Эфор просто слушал, далекий, как горы, как орлы, летающие у вершин самых далеких гор, но я знал, что он ничего не упускает. Он все взвесил и, возможно, начнет расследование. Я взглянул на Агатона. Он смотрел на меня с насмешливым интересом, словно я говорил о ком-то, кого он не знал.

Эфор все еще медлил, осматривая меня с головы до пят, вполне дружелюбно, но с тем прохладным отчуждением, которого можно ожидать от хорошего правителя. Другие стояли на шаг позади него: один – толстый и добродушный – потирал свои маленькие ручки, словно страстно желая стать моим другом; другой – низкорослый и квадратный, с каменно неподвижным лицом – такой мог быть и другом, и недругом.

– Ликург знает о нем, господин, – добавил я. – Агатон долгое время служил у Ликурга. Был одним из главных его советников.

– Но Ликург сейчас в Дельфах, – сказал эфор. Он действительно обеспокоился. Он даже причмокнул нижней губой, раздумывая, как бы ему связаться с Ликургом.

– Ну, – сказал я, – цари тоже знают Агатона.

Эфор чуть нахмурился. Он продолжал жестко и внимательно изучать меня.

– Думаешь, им до того?

Я понимал, что он прав. Что им до справедливости? Но я был взволнован. Этот эфор мог стать на вашу точку зрения. Я правильно сделал, что доверился ему. Как бы я хотел теперь отдать им что-нибудь написанное мной, нечто такое, что могло бы оправдать нас по всем пунктам. Это навело меня на мысль, и я спросил:

– Господин, в чем нас обвиняют?

Его глаза все еще царапали меня, словно когти, и, хотя вид его был по-прежнему дружелюбен, мысли его были за тысячу миль отсюда, заново рассматривая все наше дело в целом. Затем он уставился вдаль поверх моей головы, что-то припоминая. Поразмыслив, он принял какое-то решение и повернулся к тюремщику.

– Смотри, чтобы у них было все, что нужно, – сказал он. И, не прибавив ни слова, вышел, широко шагая вниз по полю, а за ним заторопились два других эфора и побежали стражники и люди со знаменами.

Агатон улыбнулся.

– Ты играл блистательно, – сказал он.

Я едва не запустил в него стулом, но подавил это желание. Сейчас у нас появилась надежда.

– Ты сумасшедший, – сказал я. – В буквальном смысле, я хочу сказать. – И вдруг до меня дошло, что это действительно так. Он был великим Провидцем, да, и славным стариком, но он был не в своем уме, спятил. Раньше он меня подавлял. Я не понимал, что в некоторых вопросах гений может быть так же глуп, как любой другой; теперь я это понял. Я не играл, я молил эфора всем сердцем. И если Агатон не заметил этого, то, должно быть, потому, что, проведя столь много времени среди людской лжи, позабыл, как звучит чистая правда. Я взглянул на него, чтобы проверить свою догадку.

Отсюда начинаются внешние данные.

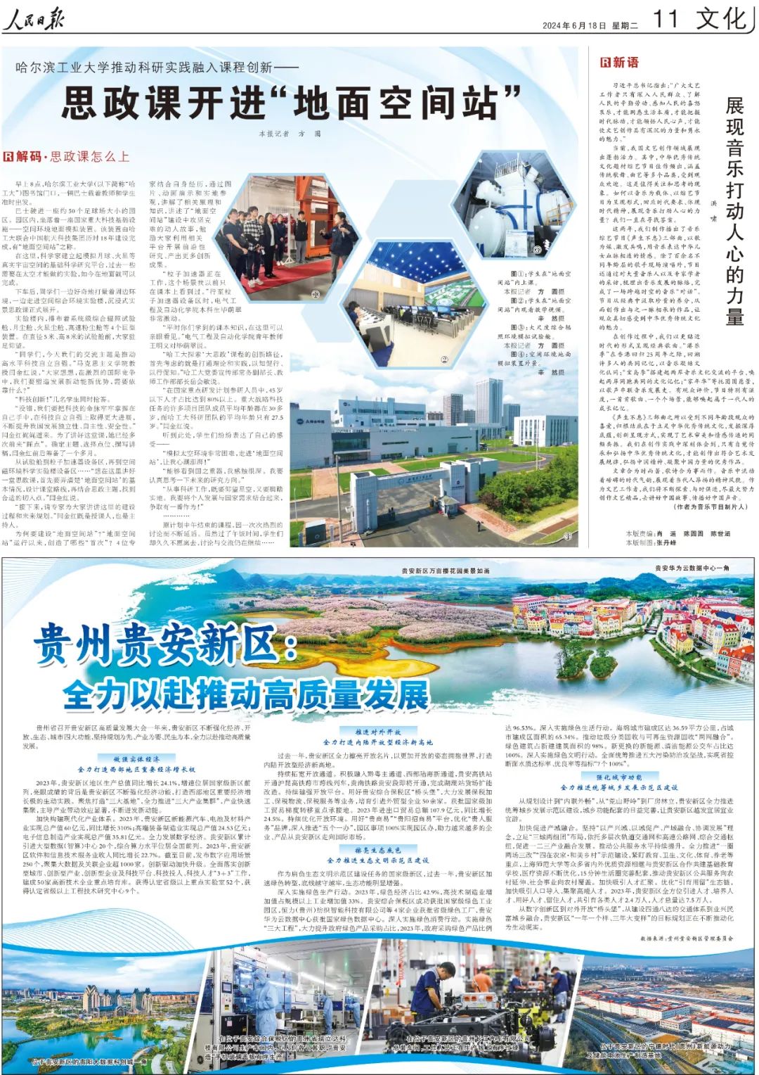 6月18日,《人民日报》刊发《贵州贵安新区:全力以赴推动高质量发展》,报道贵州省召开贵安新区高质量发展大会一年来,贵安新区不断强化经济、开放、生态、城市四大功能,坚持规划为先、产业为要、民生为本,全力以赴推动高质量发展。具体报道如下:

Он все еще улыбался, но глаза его закатились так, что зрачков не стало видно. Внезапное осознание того, насколько он безумен, испугало меня. Я собирался бороться за нас обоих, не имея представления, против кого и против чего буду сражаться. Он сидел, толстый, мерзкий, непристойный, вылупив на меня жуткие белки глаз, с коркой грязи на шее и бисерными каплями пота на лбу и на кончике носа. Я теперь видел, насколько он беспомощен, и это означало, что мне придется не только все делать самому, но еще и перехитрить его безумие, чтобы все получилось. Мне хотелось плакать. Но был еще высокий хладнокровный эфор. Оставалась надежда.

Я решил записать все по пунктам и выяснить, в чем тут дело. Вот для чего нам дали пергамент, теперь я понял.

Каковы наиболее вероятные обвинения против Агатона?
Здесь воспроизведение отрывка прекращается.